Periprosthetic fractures are breaks in the bone that occur around joint replacements. They usually occur after trauma, for example after a fall, or when the bone around the implant becomes weak, such as in osteoporosis. In this situation even minor forces can cause the bone to fracture. The treatment of this problem is varied but usually involves fixing the fracture with plates and screws or replacing the existing implant with a revision prosthesis which usually has a longer stem, to bypass the fracture. The last option that can be used is a megaprosthesis which is implanted after the broken pieces of bone have been removed. The soft tissue attachments of the muscle tendons are reconstructed back onto the prosthesis to maintain as much function of the limb as possible. These mega or endoprostheses have the advantage that they allow immediate weight bearing and rehabilitation.
Aseptic and septic loosening.
On occasion implants become loose, either due to infection or just because the bone has not grown onto the prosthesis. In this situation the patient may complain of pain, instability or both. The worst case scenario is that the prosthesis dislocates or bone is worn away.
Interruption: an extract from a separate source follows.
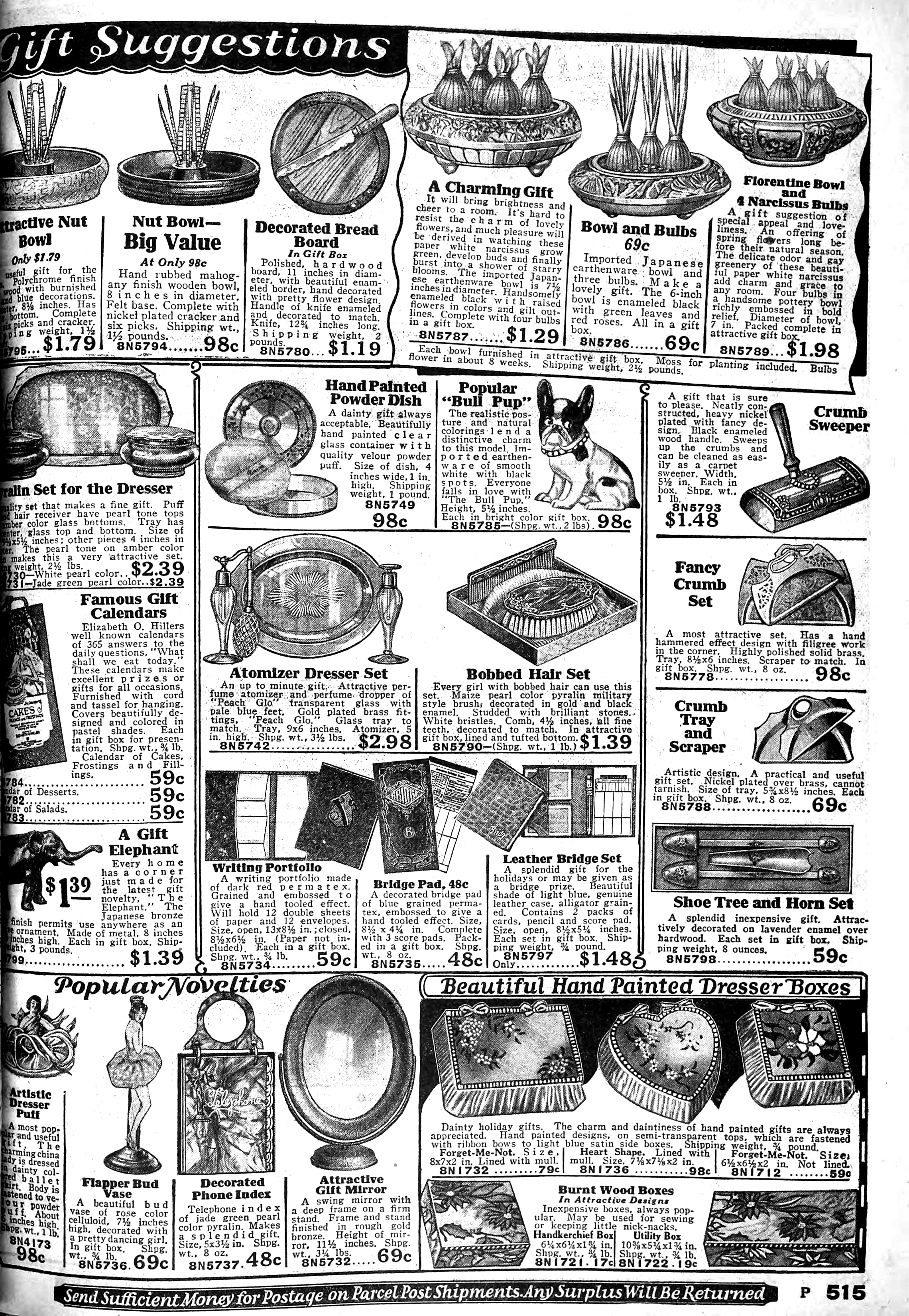 | 1928 | Spring | 749 | 4-piece Vanity Set, Satin Finish Rose Pink 11" Tray, Satin Finish Rose Pink 4" Powder Box, Satin Finish Rose Pink 5" Perfumes, pair, Satin Finish Rose Pink 4-piece Vanity Set, Satin Finish Green 11" Tray, Satin Finish Green 4" Powder Box, Satin Finish Green 5" Perfumes, pair, Satin Finish Green |
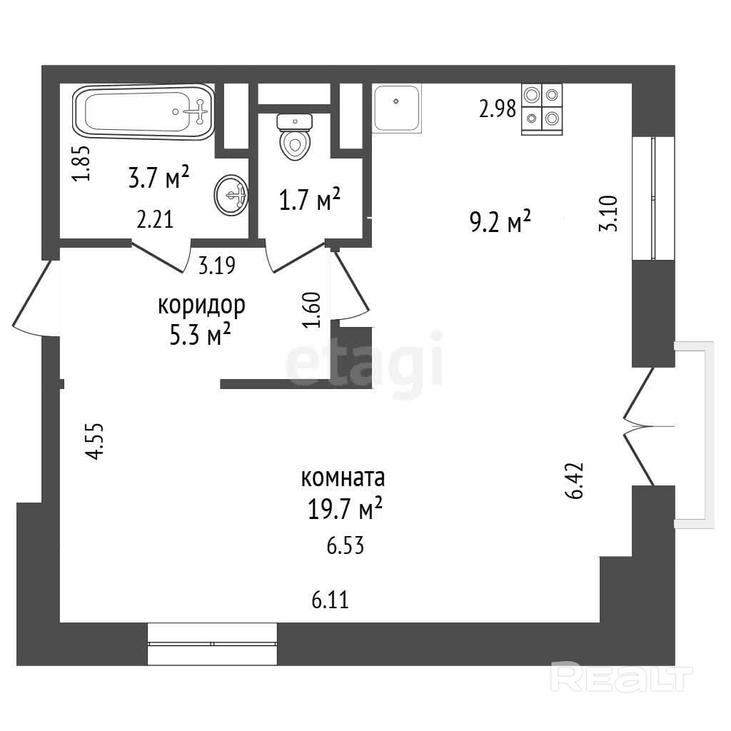 19.7 м²

The resulting bone defect and infection, if present, may require specialised equipment or even custom implants to restore normal limb alignment, length and function.
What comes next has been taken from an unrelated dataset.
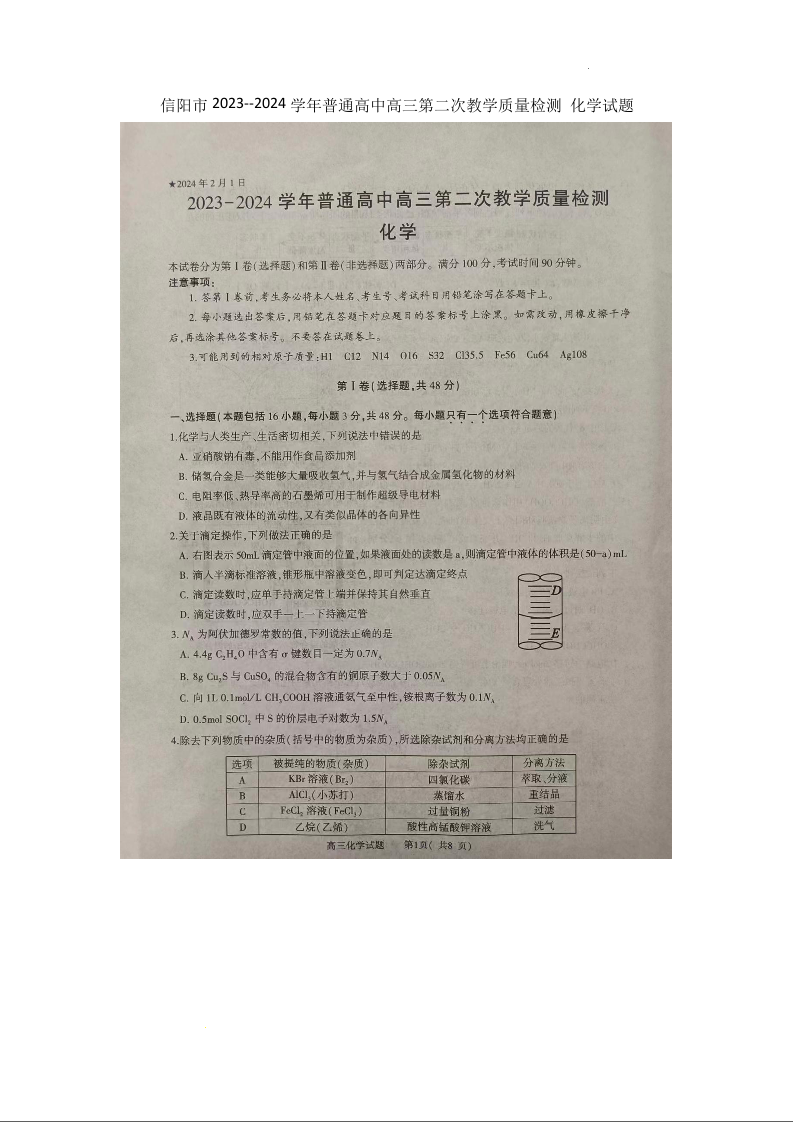 河南省信阳市2024届高三上学期第二次教学质量检测(二模)化学

If infection is present, depending on the severity and bacteria that are grown, the operation to clear the infection and reconstruct the joint may require 2 operations. The first is to clear the infection. During this surgery ALL of the infected material is removed and a temporary bone cement implant or spacer is inserted. This has antibiotics impregnated into the cement which leak out and provide local control of the infection. It's other function is to maintain the space required for the definitive implants which will come at the second surgery. Samples are taken at the first surgery to guide future antibiotic administration.
The second stage of procedure is performed once the infection in the joint is thought to be cleared. Usually this is after approximately 6 weeks of antibiotics, which are given either orally or intravenously. Blood tests are also taken to measure the amount of inflammation in the body which gives the surgeon an indication as to whether the treatment has worked and the infection is cleared. The less the inflammation the better. Once this has occurred the definitive implants can be inserted.
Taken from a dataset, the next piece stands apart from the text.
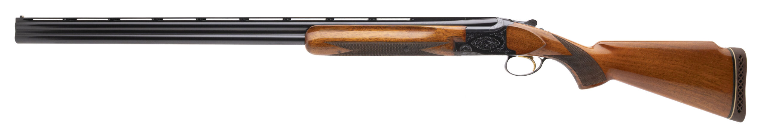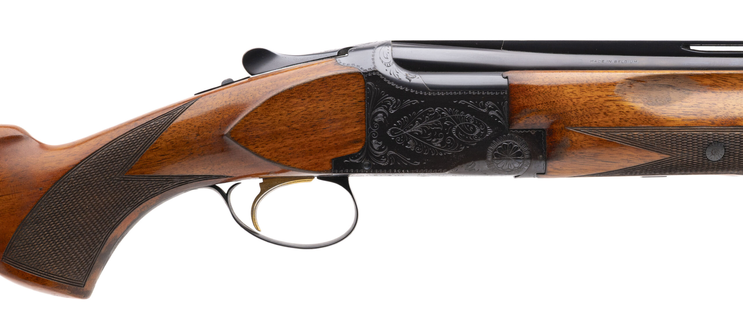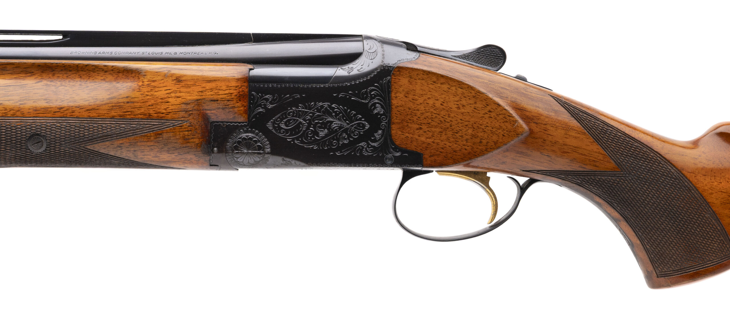 SN: 86910 made in Belgium circa 1950's. 12 gauge over under sporting shotgun with 32" vent rib barrels, wide Broadway trap rib, 2 3/4" chambers and fixed chokes IM/Full. Box lock with engraved receiver, gold plated selective single trigger, auto ejectors and a manual safety. Checkered walnut furniture, Monte-Carlo stock with a 14 3/8" LOP to the original Browning Trap pad. Some light handling marks, normal wear from use, no cracks overall in good solid condition with excellent bores.

Revision of megaprostheses.
Mega or endoprostheses are often used in limb reconstruction, especially after tumour resection. Unfortunately endoprostheses are more prone to problems than standard orthopaedic implants. They have a larger surface area that is foreign to the body and can more easily become contaminated with bacteria which may result in a periprosthetic infection. The forces through the new limb are very different once large amounts of muscle and bone are removed and this can cause the prosthesis to loosen and rarely break.
These issues are treated in much the same way as standard implants but the process is more involved and may require the assistance of other members of the surgical team such as the plastic reconstructive surgeons.